I agree, cool and really nifty but completely irrelevant to your mistake. The fact that dice don't have babies, predators and genetic information is also completely irrelevant. Statistical significance and power has nothing to do with the actual population*. It does not matter if the population size is 32 species, 32,000 species or 32,000,000 species, it has no bearing on how statistical significance or power is calculated.

So critiquing sample size by stating that it is only %1.2 of the population size is missing the point in a big way. A sample size of 37 is more than enough if you are talking about a large effect size. If you are looking for a tiny difference 370 may not be enough.


Now of course, you could critique the sample in other ways. You could question whether the sample was random or biased in some way. You could critique their insturment. There are a large number of possible critiques but without knowing the variance, we can't critique sample size.

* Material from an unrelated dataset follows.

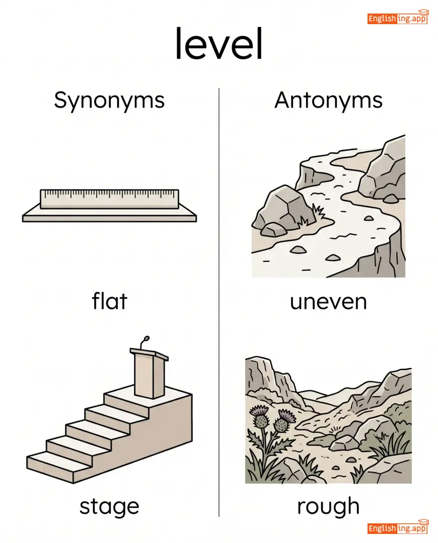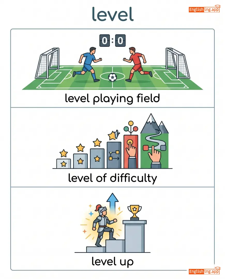 level playing field, level of difficulty, level up, level surface

*(Technically the population size is usually infinite because in statistics you are not comparing stick insects to stick insects but a small number of *observations* about stick insects to a theoretical distribution of all possible *observations.*)
posted by KirkJobSluder at 6:39 PM on January 17, 2003


that means that guys are much more like mom than dad. Girls look like both parents, though.

I've thought of that before & wondered where sons who look just like dad get the info if the Y chromosome is such a weak source - but there are sons who look just like dad. What about our prez, eg?
posted by mdn at 7:38 PM on January 17, 2003


I thought most everyone agreed that your prez looks like a chimp.

Oh.

Wait.

I gotcha now...
posted by five fresh fish at 8:17 PM on January 17, 2003


mdn-- There's 22 non-sex chromosomes from each parent, too. It's just that the X has a whole lot more genes than the Y does, enough to be significant, but not necessarily overpowering the other stuff.

Kirk-- I understand that national surveys and such do not have to ask everyone in America the same questions in order to fairly assess the popular opinion of all. Instead, they survey a group of people which equally represents the demographics of 290 million Americans. They can do that, because demographic information is collected with the census, every ten years.

Wouldn't getting a balanced sample of critter genomes require a sort of genetic census, where every genome would have to be analyzed in order to determine the general trend, so said trends could then be reduced into a teensy but still accurate sample?

How would they know that they have the right 1.2% without looking at the other 98.8%, is what I'm saying.

Oh, also: I have absolutely no formal or even moderately informal knowledge of stats, other than causation != correlation (sometimes). And your criticisms are totally valid and my statements were pretty vague and I have problems translating my mentalese into stuff that other people can, like, read.
posted by LimePi at 2:20 AM on January 18, 2003


Wouldn't getting a balanced sample of critter genomes require a sort of genetic census, where every genome would have to be analyzed in order to determine the general trend, so said trends could then be reduced into a teensy but still accurate sample?

No, you just need to randomly sample enough to get an idea of the variance of the population. Provided the sample is random, it does not take a large sample size to produce a reasonably accurate estimate of variance.
posted by KirkJobSluder at 8:08 AM on January 18, 2003


Gah! But how do they know if the sample is really random?!?!
It's sorta like when I would misplace my prescription eyewear and then myopically squint and walk around the house, trying to find my glasses. In order to find my glasses easily and accurately, I would need full vision--which meant, I needed to find my glasses.

So, like, how can the BYU people know where their random-sample eyeglasses are without another pair (which was my usual solution) to back them up?
posted by LimePi at 11:21 AM on January 18, 2003


P'raps you should take a first-year stats course, Lime3.14152986...
posted by five fresh fish at 7:51 PM on January 18, 2003


Yeah. Sounds like a plan to me.
posted by LimePi at 1:00 AM on January 19, 2003


fff, you got things a little mixed up there, my friend.
3.14159265358979
that's all I know - the 8 places past the part I've known forever are a nice simple pattern.